#### COLLECTED DATA:

-- -- --

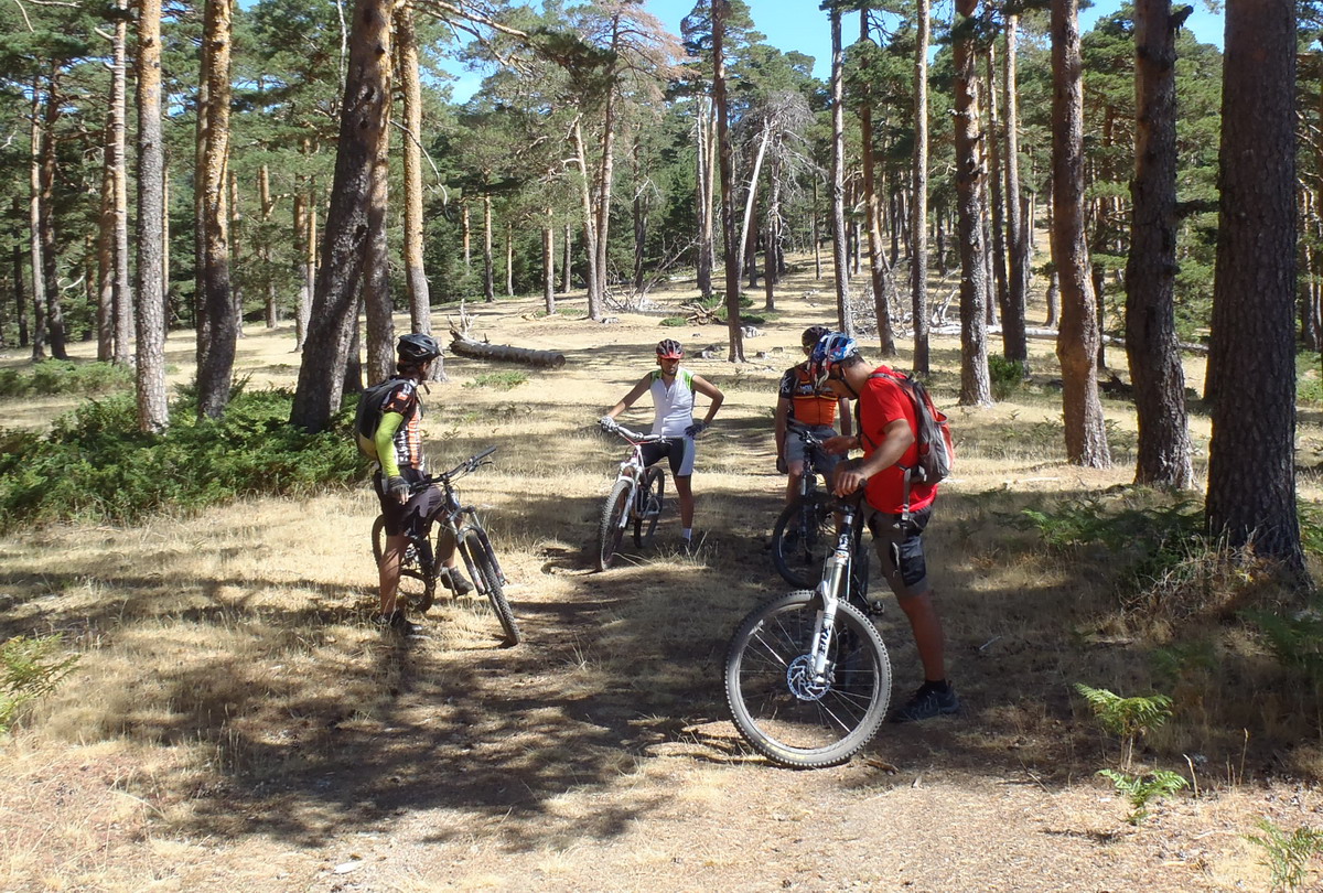 Y un pequeño gráfico en el que destaco la bajada de la divisoria de los Berciales, inicio de la nunca bien ponderada vereda Valbuena, 300 metros de descennso en un kilómetro y medio. Sería bueno que el Excmo. Ayto. de Valsaín pasara un camión cisterna y regase un poco la susodicha senda, que Ete no sitúa bien el centro de gravedad del conjunto bici-Ete y bajaba culeando cosa mala. Eso, o una tija-pija. Y lo peor es que yo iba el último, comiéndome las nubecillas que levantaban estos gañanes.
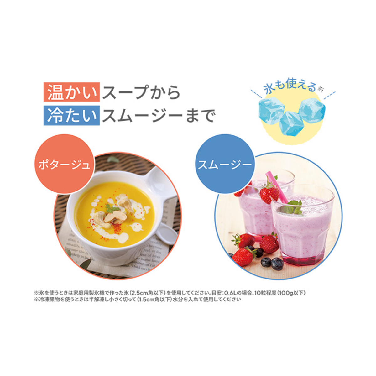 ※氷を使うときは家庭用製氷機で作った氷(2.5cm 角以下)12~13 粒程度(130g 以下)を使用してください
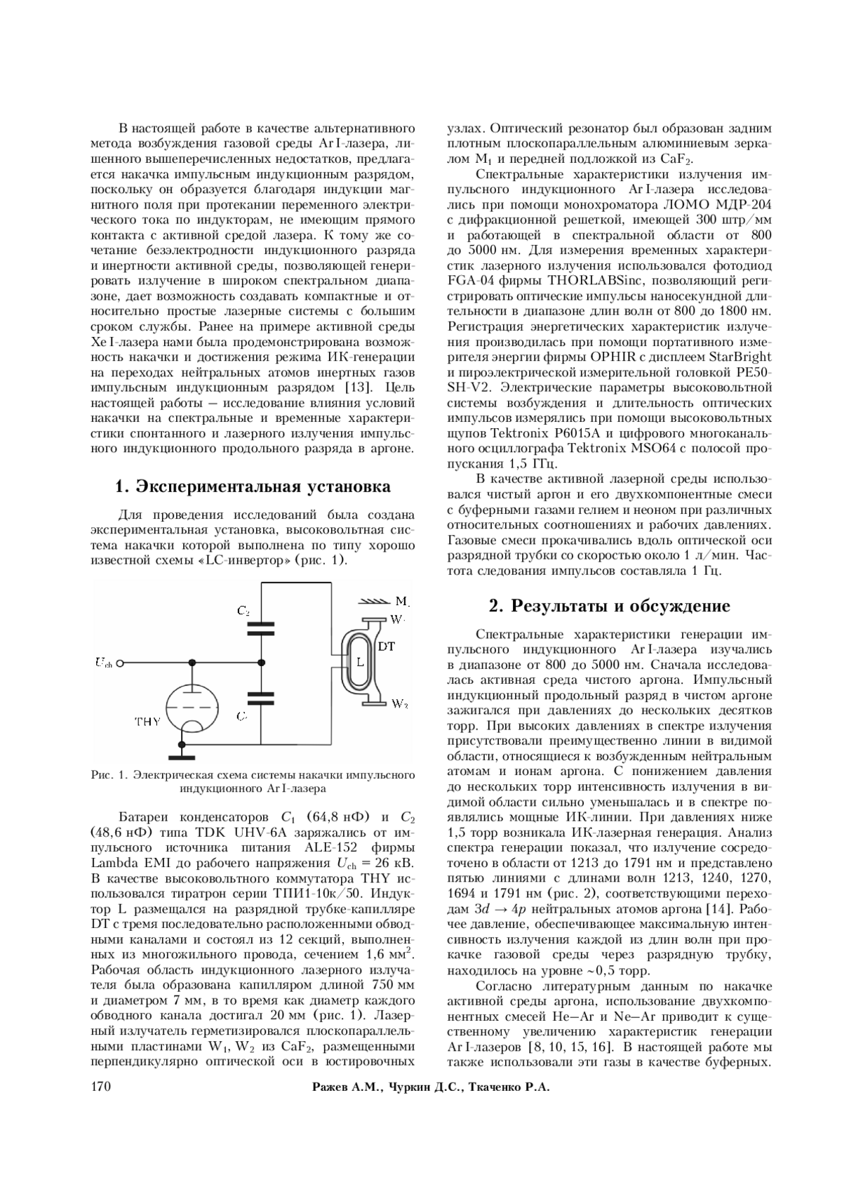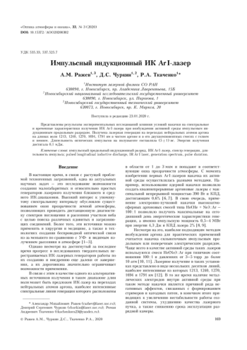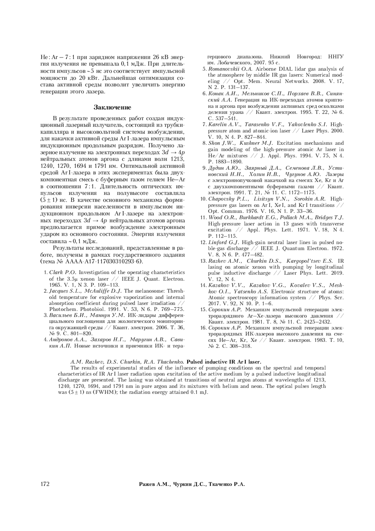13. Razhev A.M., Churkin D.S., Kargopol’tsev E.S. IR lasing on atomic xenon with pumping by longitudinal pulse inductive discharge // Laser Phys. Lett. 2019. V. 12, N 4. EDN: WUSEDU

-- -- --

#### TASK STATEMENT:
Begin at the line containing "角以下)12~13 粒程度(130g 以下)を使用してください" and restate exactly every line through the end of the material, skipping the pictures.

#### RESULT:
 ※氷を使うときは家庭用製氷機で作った氷(2.5cm 角以下)12~13 粒程度(130g 以下)を使用してください
13. Razhev A.M., Churkin D.S., Kargopol’tsev E.S. IR lasing on atomic xenon with pumping by longitudinal pulse inductive discharge // Laser Phys. Lett. 2019. V. 12, N 4. EDN: WUSEDU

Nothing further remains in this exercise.